相反,你可以只返回newList.sort()。
sort()方法的语法是:
list.sort(key=..., reverse=...)
或者,你也可以使用Python的内置函数sorted()来达到同样的目的。
sorted(list, key=..., reverse=...)
注意:sort()和sorted()之间最简单的区别是:sort()不返回任何值,而sorted()返回一个可迭代列表。
在这里,answer = sorted(newList)
下面是Guido van Rossum在Python开发列表中的一封电子邮件,解释了为什么他选择在影响对象的操作上不返回self,并且不返回新操作。

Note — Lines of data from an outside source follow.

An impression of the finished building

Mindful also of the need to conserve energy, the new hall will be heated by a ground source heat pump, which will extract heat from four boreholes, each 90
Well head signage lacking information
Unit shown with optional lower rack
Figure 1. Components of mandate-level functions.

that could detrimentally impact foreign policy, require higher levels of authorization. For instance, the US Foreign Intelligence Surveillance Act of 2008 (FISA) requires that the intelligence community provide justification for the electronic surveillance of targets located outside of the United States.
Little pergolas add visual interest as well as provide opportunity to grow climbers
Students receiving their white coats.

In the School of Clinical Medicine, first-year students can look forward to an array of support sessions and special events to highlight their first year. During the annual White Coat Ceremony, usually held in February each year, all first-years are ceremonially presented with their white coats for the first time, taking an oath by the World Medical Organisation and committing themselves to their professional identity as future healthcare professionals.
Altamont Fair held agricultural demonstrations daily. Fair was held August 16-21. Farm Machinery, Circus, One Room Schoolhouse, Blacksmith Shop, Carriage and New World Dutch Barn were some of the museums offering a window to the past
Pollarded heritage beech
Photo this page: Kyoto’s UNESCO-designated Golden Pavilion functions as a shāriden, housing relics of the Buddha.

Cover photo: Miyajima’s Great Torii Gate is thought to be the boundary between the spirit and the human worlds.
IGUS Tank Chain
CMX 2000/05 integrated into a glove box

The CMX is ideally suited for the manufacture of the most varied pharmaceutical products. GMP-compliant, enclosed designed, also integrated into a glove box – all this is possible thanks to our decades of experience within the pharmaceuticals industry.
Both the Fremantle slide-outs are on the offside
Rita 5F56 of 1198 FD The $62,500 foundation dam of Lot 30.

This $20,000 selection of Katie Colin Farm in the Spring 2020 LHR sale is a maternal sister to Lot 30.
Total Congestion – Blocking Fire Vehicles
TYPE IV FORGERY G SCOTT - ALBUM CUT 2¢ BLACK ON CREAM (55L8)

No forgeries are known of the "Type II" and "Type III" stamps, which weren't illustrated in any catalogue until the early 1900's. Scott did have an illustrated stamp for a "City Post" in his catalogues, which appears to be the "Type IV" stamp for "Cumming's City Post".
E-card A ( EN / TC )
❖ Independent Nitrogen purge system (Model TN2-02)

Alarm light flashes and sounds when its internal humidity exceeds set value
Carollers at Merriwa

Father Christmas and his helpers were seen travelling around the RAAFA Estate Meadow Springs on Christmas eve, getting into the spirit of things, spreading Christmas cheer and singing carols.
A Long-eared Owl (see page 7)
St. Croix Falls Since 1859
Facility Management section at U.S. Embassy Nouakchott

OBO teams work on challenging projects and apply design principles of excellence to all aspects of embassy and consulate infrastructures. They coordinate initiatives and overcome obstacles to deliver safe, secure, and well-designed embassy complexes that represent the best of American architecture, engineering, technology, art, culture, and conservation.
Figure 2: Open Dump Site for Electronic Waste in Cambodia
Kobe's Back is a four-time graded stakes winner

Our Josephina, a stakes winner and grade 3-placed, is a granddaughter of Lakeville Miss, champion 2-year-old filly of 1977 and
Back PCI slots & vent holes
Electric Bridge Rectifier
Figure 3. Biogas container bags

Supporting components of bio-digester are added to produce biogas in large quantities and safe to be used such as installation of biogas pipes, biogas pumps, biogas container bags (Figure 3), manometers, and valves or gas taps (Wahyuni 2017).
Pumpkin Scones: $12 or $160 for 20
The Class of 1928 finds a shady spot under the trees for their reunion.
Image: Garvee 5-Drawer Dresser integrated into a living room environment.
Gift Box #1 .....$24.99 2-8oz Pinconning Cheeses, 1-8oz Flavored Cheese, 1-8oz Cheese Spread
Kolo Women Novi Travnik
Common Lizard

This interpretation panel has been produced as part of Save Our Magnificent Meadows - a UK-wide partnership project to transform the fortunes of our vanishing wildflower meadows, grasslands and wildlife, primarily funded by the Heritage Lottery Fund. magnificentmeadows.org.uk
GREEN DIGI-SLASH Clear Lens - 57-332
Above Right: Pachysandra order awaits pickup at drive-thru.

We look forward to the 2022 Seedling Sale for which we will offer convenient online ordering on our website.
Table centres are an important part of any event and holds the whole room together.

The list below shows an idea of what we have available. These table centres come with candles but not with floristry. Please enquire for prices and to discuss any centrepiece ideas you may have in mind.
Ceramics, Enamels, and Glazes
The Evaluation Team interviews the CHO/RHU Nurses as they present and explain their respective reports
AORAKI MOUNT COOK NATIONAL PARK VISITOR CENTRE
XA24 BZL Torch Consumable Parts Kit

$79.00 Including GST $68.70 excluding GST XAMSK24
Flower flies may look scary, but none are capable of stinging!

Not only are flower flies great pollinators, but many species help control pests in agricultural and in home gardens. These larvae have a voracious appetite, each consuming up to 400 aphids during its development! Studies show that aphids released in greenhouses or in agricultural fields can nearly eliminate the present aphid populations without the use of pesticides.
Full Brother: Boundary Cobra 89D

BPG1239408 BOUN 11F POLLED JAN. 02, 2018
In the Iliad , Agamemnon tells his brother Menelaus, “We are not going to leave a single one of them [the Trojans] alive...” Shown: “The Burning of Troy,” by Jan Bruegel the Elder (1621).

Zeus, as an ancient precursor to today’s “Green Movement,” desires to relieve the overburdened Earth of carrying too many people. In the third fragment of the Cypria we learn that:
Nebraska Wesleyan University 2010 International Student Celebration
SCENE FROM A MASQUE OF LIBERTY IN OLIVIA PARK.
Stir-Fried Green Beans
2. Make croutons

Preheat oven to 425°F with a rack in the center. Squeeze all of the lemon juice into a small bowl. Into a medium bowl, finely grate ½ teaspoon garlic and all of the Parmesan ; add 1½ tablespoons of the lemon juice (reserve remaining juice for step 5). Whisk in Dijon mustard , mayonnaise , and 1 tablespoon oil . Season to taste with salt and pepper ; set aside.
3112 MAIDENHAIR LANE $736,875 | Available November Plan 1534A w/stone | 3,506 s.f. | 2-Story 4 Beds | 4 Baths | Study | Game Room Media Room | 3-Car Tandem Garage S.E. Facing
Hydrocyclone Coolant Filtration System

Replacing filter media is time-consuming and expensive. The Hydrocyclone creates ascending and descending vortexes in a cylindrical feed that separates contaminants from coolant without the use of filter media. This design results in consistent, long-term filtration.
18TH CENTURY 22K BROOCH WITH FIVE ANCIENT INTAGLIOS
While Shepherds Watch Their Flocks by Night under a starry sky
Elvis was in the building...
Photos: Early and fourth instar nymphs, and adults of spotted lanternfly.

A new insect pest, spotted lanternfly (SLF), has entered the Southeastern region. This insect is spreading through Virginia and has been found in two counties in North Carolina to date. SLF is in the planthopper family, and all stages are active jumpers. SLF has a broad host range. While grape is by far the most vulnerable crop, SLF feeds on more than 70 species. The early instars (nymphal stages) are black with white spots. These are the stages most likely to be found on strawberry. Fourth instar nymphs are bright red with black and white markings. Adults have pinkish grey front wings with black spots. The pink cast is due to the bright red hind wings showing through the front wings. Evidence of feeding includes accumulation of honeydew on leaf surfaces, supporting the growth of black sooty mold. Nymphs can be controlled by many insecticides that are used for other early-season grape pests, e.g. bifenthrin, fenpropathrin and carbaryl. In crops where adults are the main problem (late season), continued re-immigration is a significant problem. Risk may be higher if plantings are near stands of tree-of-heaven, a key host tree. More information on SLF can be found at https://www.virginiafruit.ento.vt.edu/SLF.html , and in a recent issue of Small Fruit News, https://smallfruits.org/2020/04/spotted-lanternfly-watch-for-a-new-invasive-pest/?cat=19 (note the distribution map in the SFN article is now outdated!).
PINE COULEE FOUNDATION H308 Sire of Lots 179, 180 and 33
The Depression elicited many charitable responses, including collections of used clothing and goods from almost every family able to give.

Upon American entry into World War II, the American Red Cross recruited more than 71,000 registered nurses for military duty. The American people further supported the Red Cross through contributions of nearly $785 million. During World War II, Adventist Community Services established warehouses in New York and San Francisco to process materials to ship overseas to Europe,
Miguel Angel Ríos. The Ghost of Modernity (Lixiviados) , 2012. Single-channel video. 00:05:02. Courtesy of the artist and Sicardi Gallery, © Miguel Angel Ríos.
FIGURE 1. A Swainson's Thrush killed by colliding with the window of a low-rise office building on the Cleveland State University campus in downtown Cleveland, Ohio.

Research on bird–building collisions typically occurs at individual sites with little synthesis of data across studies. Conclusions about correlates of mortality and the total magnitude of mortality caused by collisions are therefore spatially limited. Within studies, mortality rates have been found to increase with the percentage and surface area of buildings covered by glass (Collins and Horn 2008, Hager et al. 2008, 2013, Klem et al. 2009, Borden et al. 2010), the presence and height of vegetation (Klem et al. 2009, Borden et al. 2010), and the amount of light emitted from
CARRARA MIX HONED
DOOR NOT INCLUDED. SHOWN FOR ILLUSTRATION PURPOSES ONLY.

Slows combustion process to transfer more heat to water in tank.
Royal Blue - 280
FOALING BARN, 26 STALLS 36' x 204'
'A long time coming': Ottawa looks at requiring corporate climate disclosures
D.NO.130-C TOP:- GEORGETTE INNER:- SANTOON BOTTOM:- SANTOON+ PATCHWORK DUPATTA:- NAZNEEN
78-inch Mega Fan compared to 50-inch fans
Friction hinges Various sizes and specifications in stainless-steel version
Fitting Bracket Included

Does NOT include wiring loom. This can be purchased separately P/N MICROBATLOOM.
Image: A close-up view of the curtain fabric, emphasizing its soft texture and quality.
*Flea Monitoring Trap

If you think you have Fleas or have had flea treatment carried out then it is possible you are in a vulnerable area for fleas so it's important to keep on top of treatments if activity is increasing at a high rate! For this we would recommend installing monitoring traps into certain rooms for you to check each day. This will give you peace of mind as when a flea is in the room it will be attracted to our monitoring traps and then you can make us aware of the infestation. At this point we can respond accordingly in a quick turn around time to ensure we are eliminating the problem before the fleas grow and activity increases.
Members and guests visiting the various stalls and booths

This comes from a coding style (popular in various other languages, I
believe especially Lisp revels in it) where a series of side effects
on a single object can be chained like this:
x.compress().chop(y).sort(z)
which would be the same as
x.compress()
x.chop(y)
x.sort(z)
I find the chaining form a threat to readability; it requires that the
reader must be intimately familiar with each of the methods. The
second form makes it clear that each of these calls acts on the same
object, and so even if you don't know the class and its methods very
well, you can understand that the second and third call are applied to
x (and that all calls are made for their side-effects), and not to
something else.
I'd like to reserve chaining for operations that return new values,
like string processing operations:
y = x.rstrip("\n").split(":").lower()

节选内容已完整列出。